[Items from a dataset]

---+---

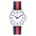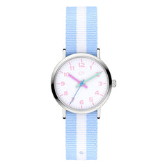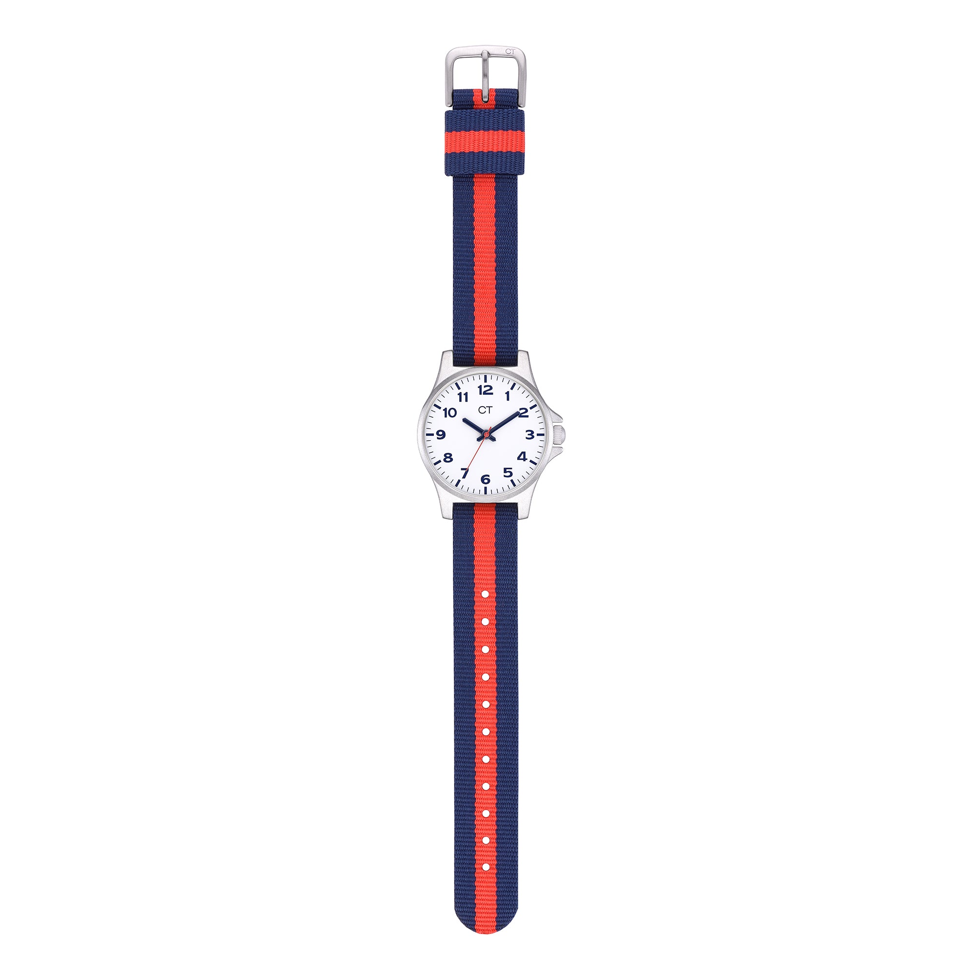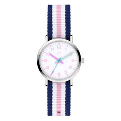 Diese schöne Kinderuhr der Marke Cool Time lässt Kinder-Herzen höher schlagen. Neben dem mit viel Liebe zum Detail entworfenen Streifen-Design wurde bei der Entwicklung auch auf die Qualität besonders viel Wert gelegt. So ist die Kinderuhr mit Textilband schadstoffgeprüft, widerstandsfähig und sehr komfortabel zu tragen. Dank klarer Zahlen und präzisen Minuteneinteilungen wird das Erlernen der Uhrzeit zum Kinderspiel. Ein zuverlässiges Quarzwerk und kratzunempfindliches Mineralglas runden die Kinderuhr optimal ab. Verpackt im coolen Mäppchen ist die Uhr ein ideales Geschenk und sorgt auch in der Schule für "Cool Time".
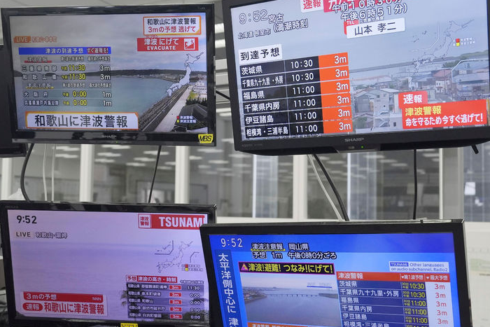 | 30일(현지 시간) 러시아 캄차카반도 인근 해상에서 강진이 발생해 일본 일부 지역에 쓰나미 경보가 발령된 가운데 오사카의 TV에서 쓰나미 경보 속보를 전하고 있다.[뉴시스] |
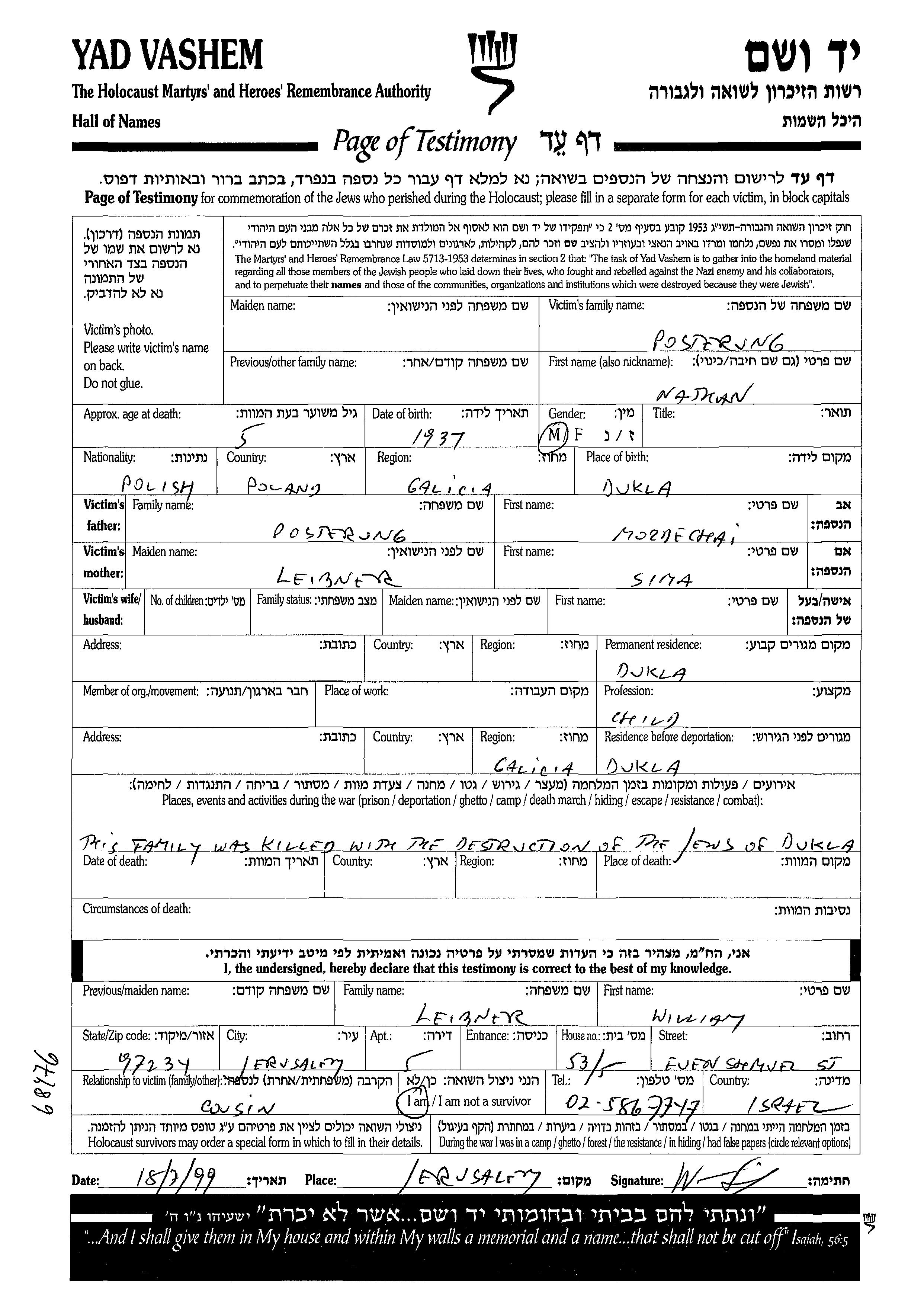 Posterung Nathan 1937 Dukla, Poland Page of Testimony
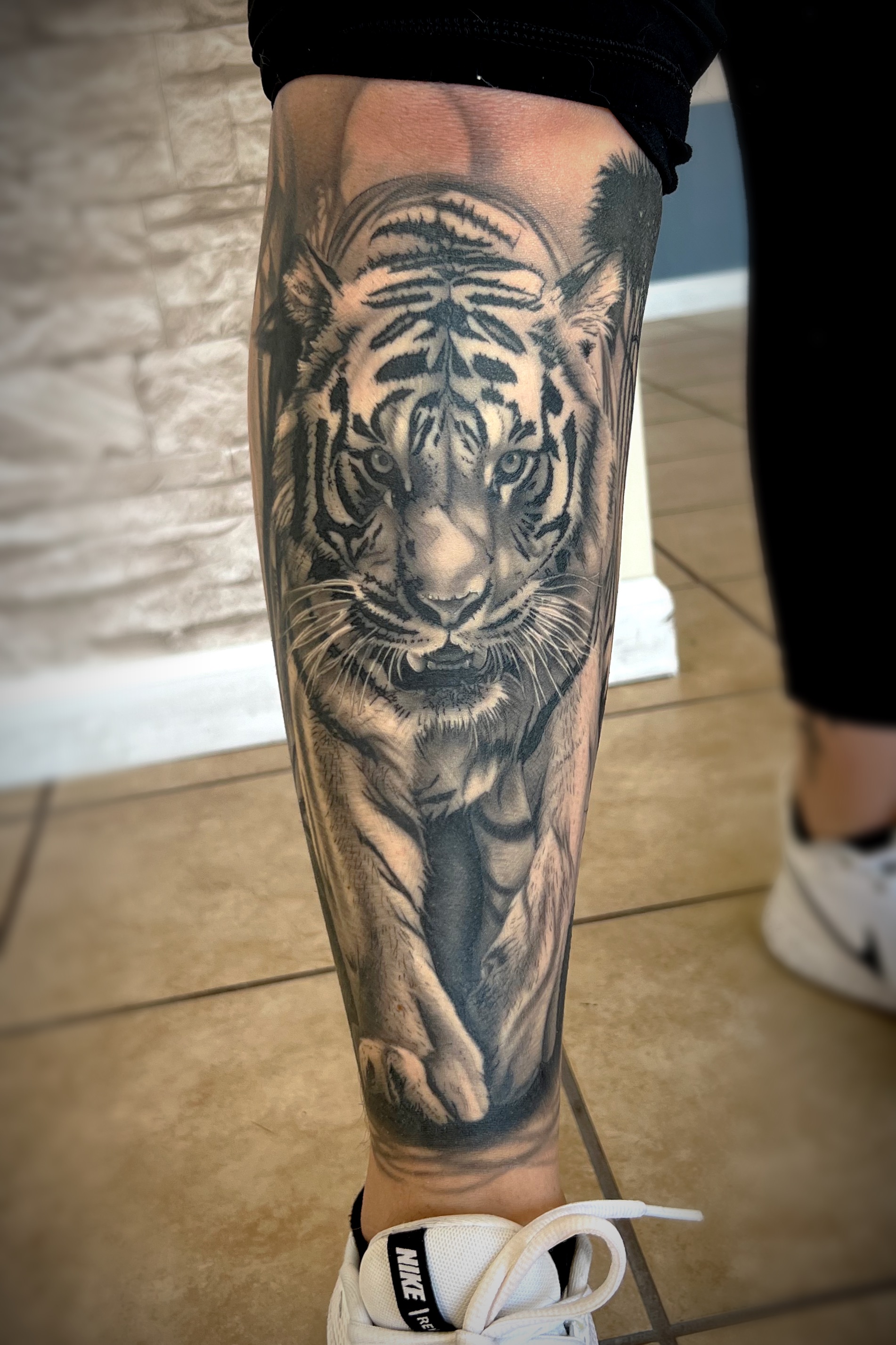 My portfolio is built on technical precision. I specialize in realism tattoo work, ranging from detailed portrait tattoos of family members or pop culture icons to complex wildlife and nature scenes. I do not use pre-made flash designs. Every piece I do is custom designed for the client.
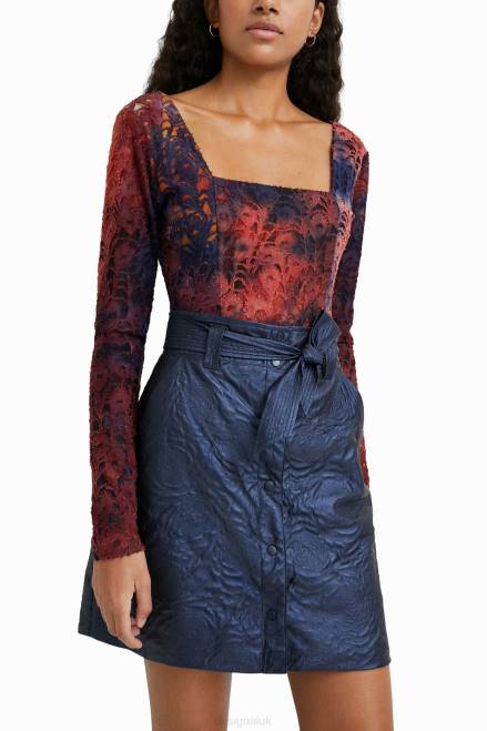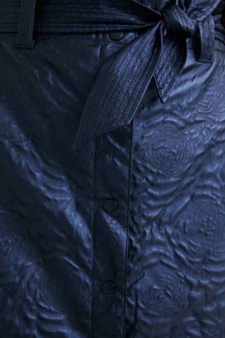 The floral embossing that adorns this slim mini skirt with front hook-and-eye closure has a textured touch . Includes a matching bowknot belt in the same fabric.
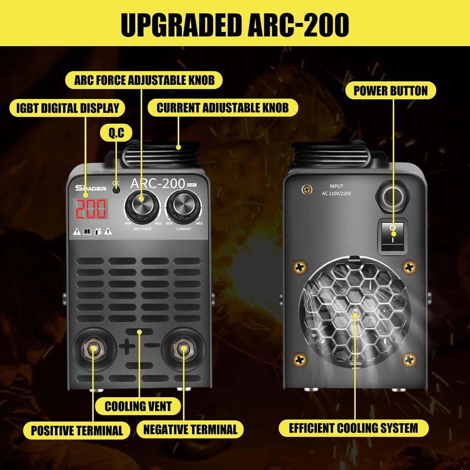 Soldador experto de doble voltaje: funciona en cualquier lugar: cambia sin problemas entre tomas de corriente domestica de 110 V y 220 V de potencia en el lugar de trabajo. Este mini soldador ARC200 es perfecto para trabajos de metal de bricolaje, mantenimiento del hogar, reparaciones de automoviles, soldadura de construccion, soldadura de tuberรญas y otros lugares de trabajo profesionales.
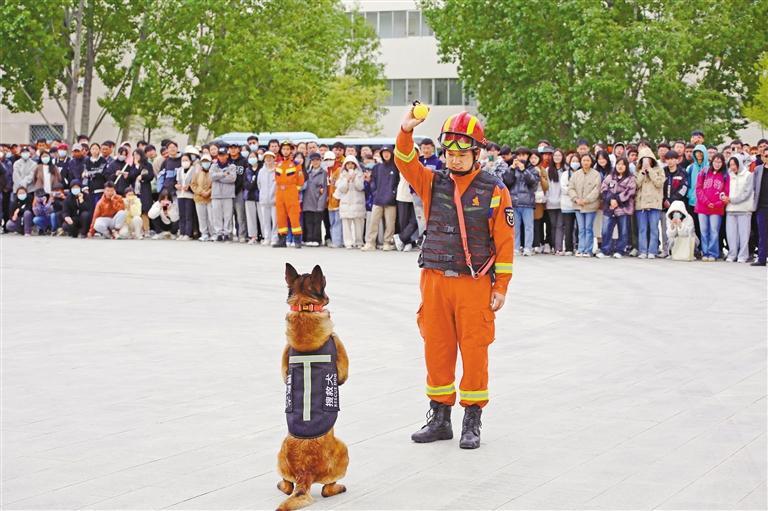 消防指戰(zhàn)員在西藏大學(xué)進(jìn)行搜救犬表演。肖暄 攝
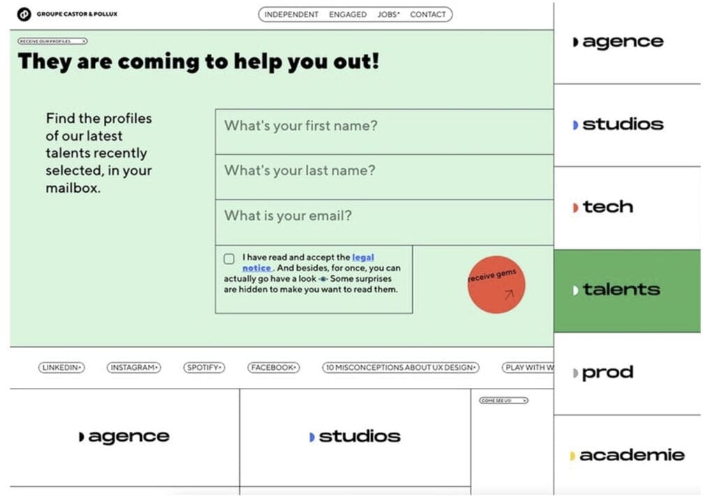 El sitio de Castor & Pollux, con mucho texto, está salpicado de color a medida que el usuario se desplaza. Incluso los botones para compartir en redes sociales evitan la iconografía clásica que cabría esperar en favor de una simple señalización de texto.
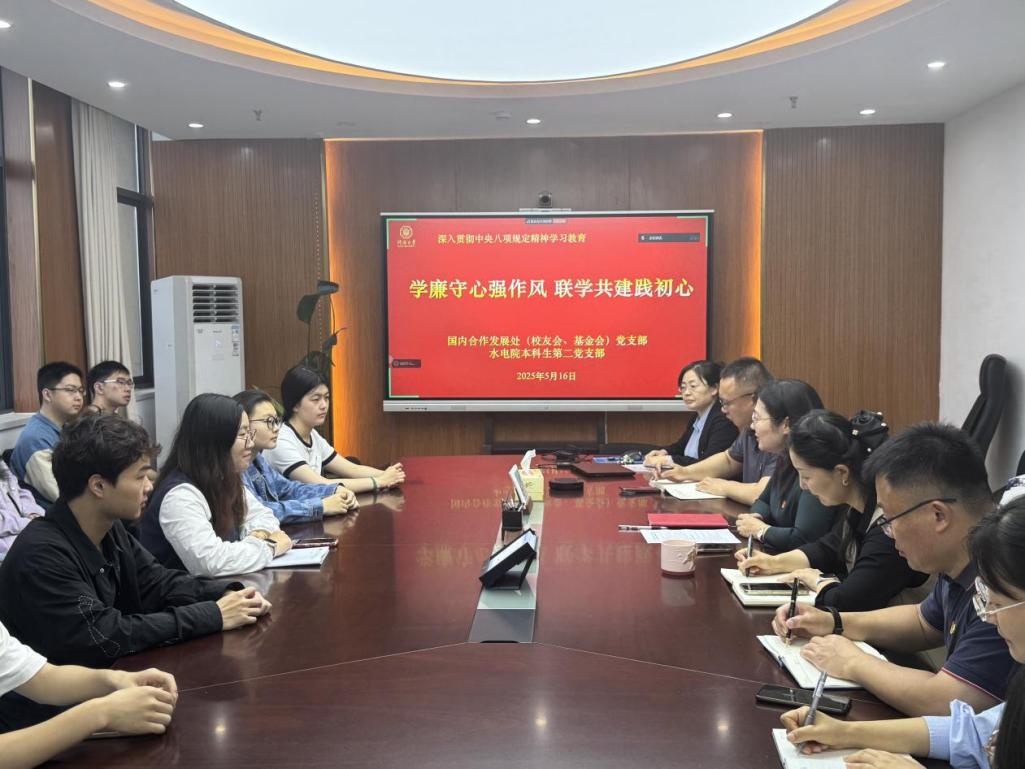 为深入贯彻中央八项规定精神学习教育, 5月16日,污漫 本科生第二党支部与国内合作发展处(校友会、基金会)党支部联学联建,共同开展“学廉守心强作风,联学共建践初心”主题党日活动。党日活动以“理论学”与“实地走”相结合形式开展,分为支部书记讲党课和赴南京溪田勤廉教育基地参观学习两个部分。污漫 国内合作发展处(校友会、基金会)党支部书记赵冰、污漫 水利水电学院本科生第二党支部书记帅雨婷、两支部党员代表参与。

---+---

Your task is to restate word for word the lines from the one containing "消防指戰(zhàn)員在西藏大學(xué)進(jìn)行搜救犬表演。肖暄 攝" through the last line of the data, both ends included, with no pictures.

 消防指戰(zhàn)員在西藏大學(xué)進(jìn)行搜救犬表演。肖暄 攝
 El sitio de Castor & Pollux, con mucho texto, está salpicado de color a medida que el usuario se desplaza. Incluso los botones para compartir en redes sociales evitan la iconografía clásica que cabría esperar en favor de una simple señalización de texto.
 为深入贯彻中央八项规定精神学习教育, 5月16日,污漫 本科生第二党支部与国内合作发展处(校友会、基金会)党支部联学联建,共同开展“学廉守心强作风,联学共建践初心”主题党日活动。党日活动以“理论学”与“实地走”相结合形式开展,分为支部书记讲党课和赴南京溪田勤廉教育基地参观学习两个部分。污漫 国内合作发展处(校友会、基金会)党支部书记赵冰、污漫 水利水电学院本科生第二党支部书记帅雨婷、两支部党员代表参与。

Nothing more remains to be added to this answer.